In the Lee of Yarrow

Helen Douglas, In the Lee of Yarrow, 2015. Folio 13cm x 13cm, containing 8 5cm square letterpress printed images of plants, on Xuan paper. Ribbon bound. Edition 12 £50.
In the Lee of Yarrow

MIDSUMMER, Harewood Glen

Helen Douglas, MIDSUMMER, Harewood Glen, 2015. 13 cm x 14cm. 4 paired images, letterpress printed on Xuan paper. Edition 20 Price £25.
MIDSUMMER

A Manuscript for Contemplation

01

Helen Douglas, TRAQUAIR HOUSE, 2012, 8cm x 12.5c, 172pp plus stitched in insets, various weights papers, embossed papers, end papers, leather bound, foiled. Unique copy.
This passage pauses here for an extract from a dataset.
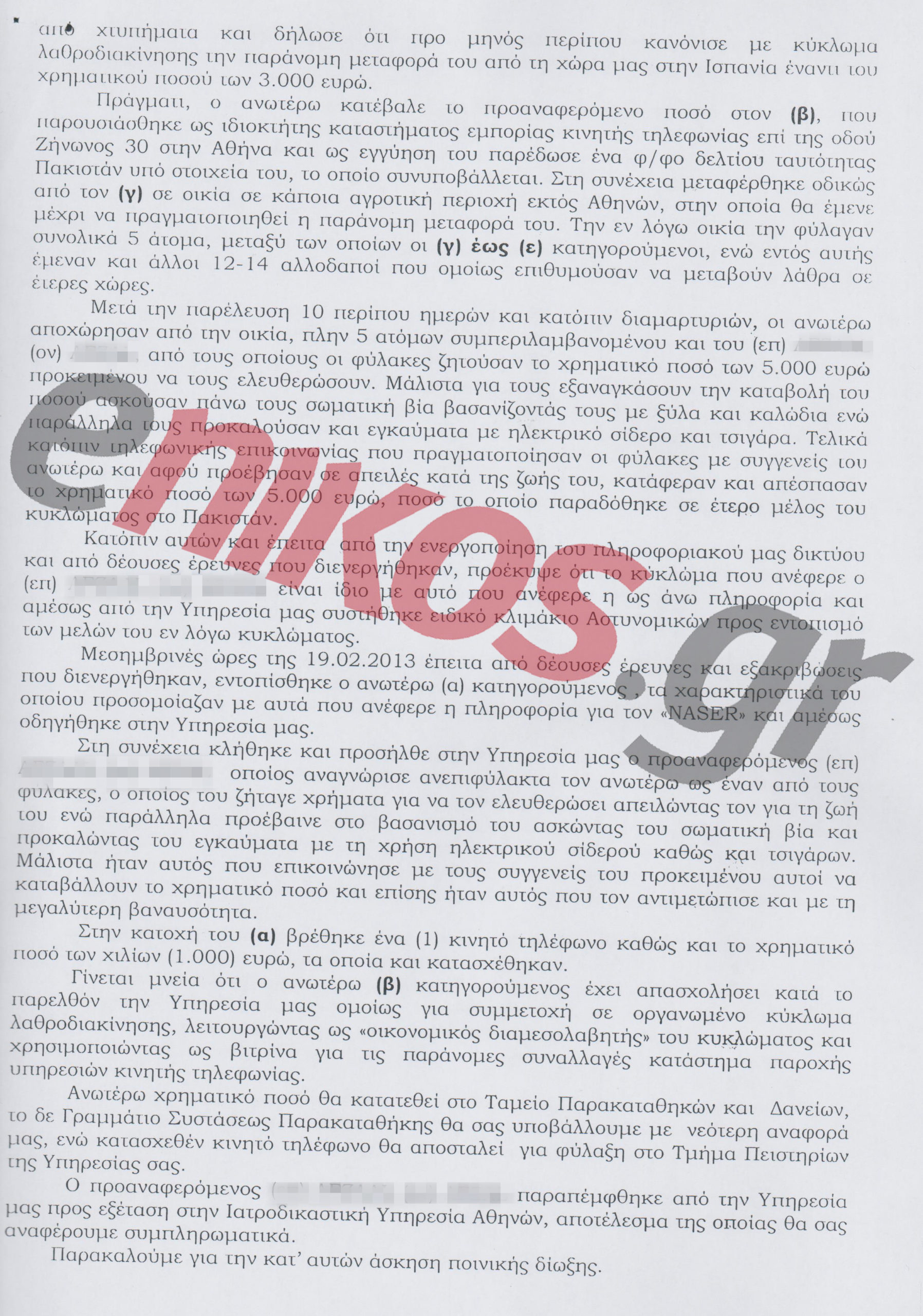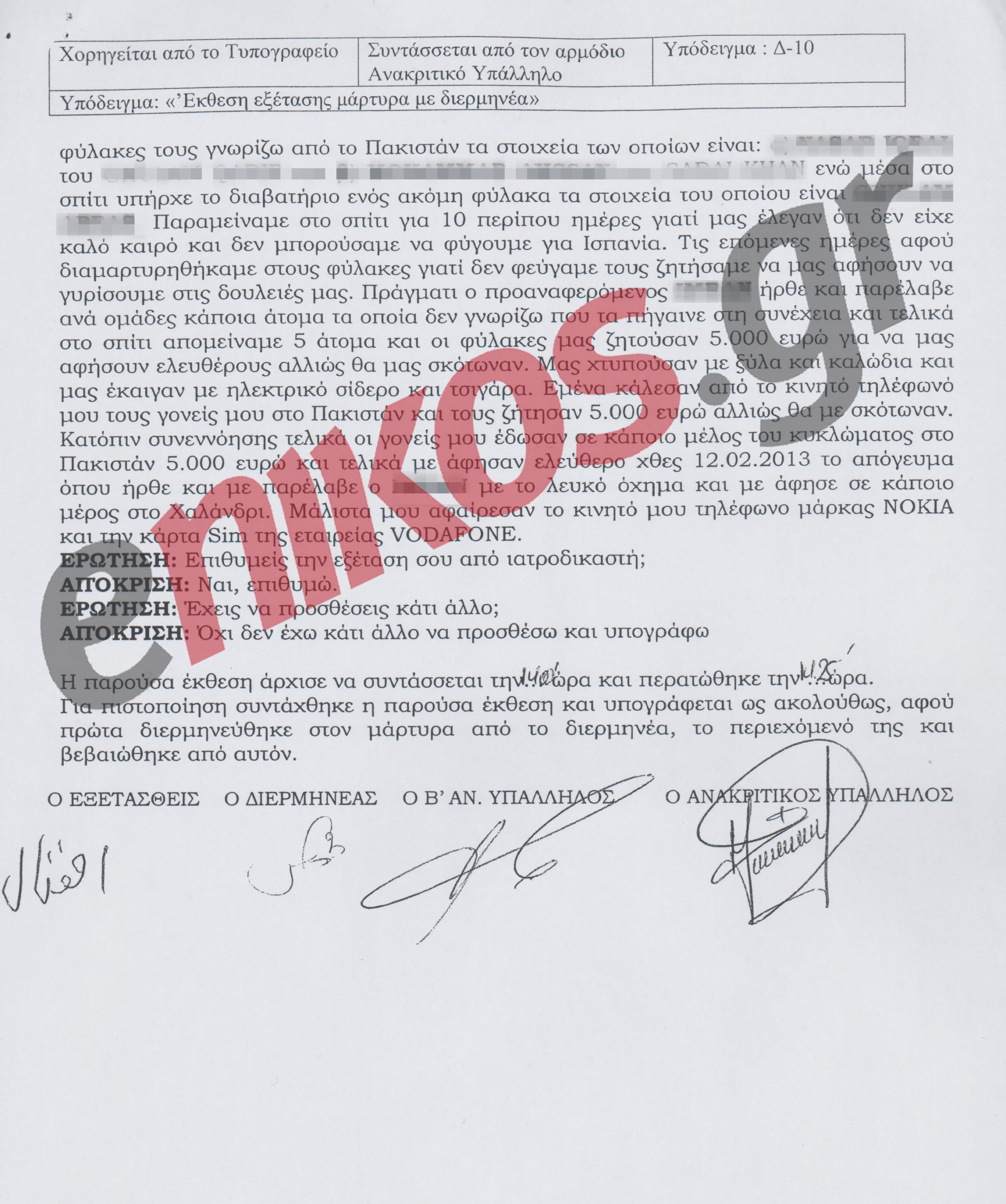 «Κάλεσαν από το κινητό μου τηλέφωνο τους γονείς μου στο Πακιστάν και ζήτησαν 5000 ευρώ, αλλιώς θα με σκότωναν. Τελικά οι γονείς μου έδωσαν σε κάποιο μέλος του κυκλώματος στο Πακιστάν τα χρήματα και με άφησαν ελεύθερο» σε κάποιο μέρος στο Χαλάνδρι, κατέληξε στην κατάθεσή του ο 24χρονος.
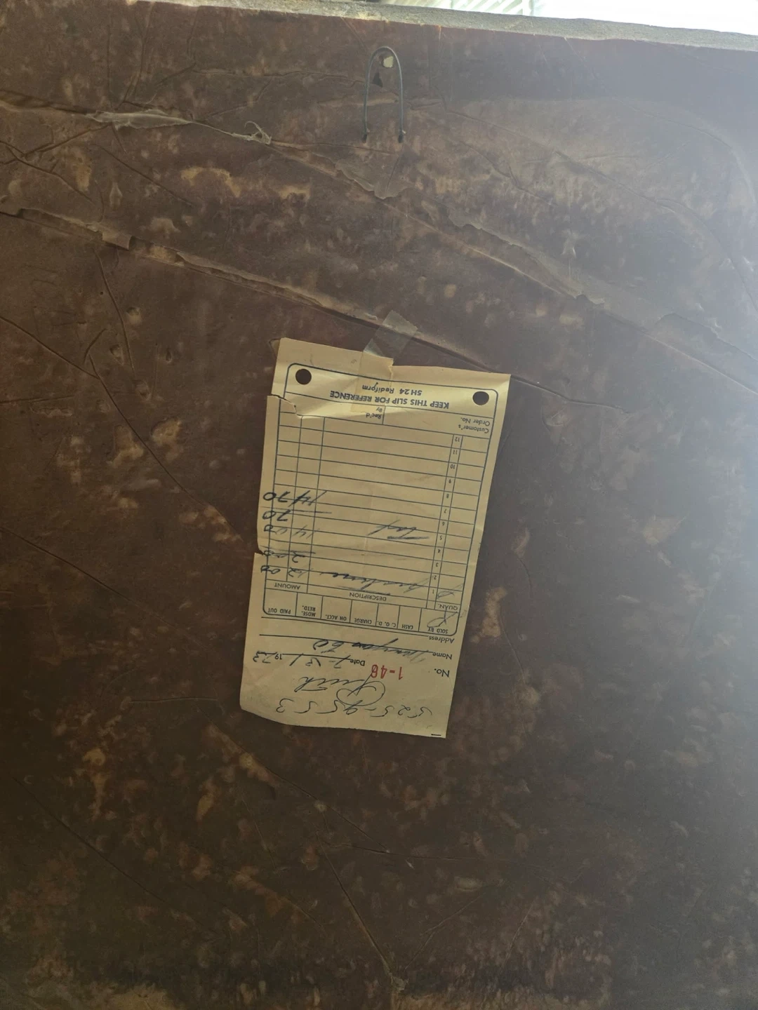 This is an ornate wall plaque featuring an embossed figure of a person on horseback. It has a detailed, textured border. The back shows a faded label with handwritten notes and a date. It's a unique decorative piece.

This manuscript was made in response to a commission from Edinburgh Printmakers for the exhibition Reflective Histories: Contemporary Art Interventions at Traquair House, a project curated by Edinburgh Printmakers, in the Year of Creative Scotland. The manuscript was created specifically for the window alcove in the Priest's Room at Traquair house, as a book of contemplation.

The book in situ

I was drawn to the hinged shuttered window and table-ledge-flap which suggested an economic quality of bookness in form and purpose, and was - I felt - imbued as a place of subterfuge study, illumination and reverie, within this inner white sanctuary for sacred devotion and hiding. This I felt would be a place for reflective history on Traquair's past shaped by my own work in the book.

02

My approach was to tease out history and illuminate aspects of Traquair's past through focussing on surface and what is embedded within and hidden behind surface. I looked at portraits, clothing, adornment, pattern, textiles and books in the house. In outward display, gesture, in symbol, pattern and intentional coded concealment, all told of a richness in story, which moved me in some deep way to connect to this history of Traquair, to that of Mary Queen of Scots, the Stuart Kings, and Catholicism.

With camera and printed image I sought to bring this optically and texturally to the paper page, and to explore this in the sequential turning of pages and within the structure of the book and it's binding. This manuscript book without words is to be read. In it's archaic form and binding it emphasizes, at a moment of huge upheaval for the codex book, the book as object and what this might mean to the reader.


03 04 07 08
11 12 15 16
19 20 21 22
23 24

Concertinas and Scrolls: 2010 - 2012

Two Myths

Leda and the Swan, Apollo & Daphne.

Two Myths

Helen Douglas, Leda and the Swan, 2011, 184cm x 17.5 cm concertina, comprising of 52 pages (3.5cm x 17.5cm), printed on Chinese Paper, ultra chrome inks. Card end covers. Edition of 30. Price £80.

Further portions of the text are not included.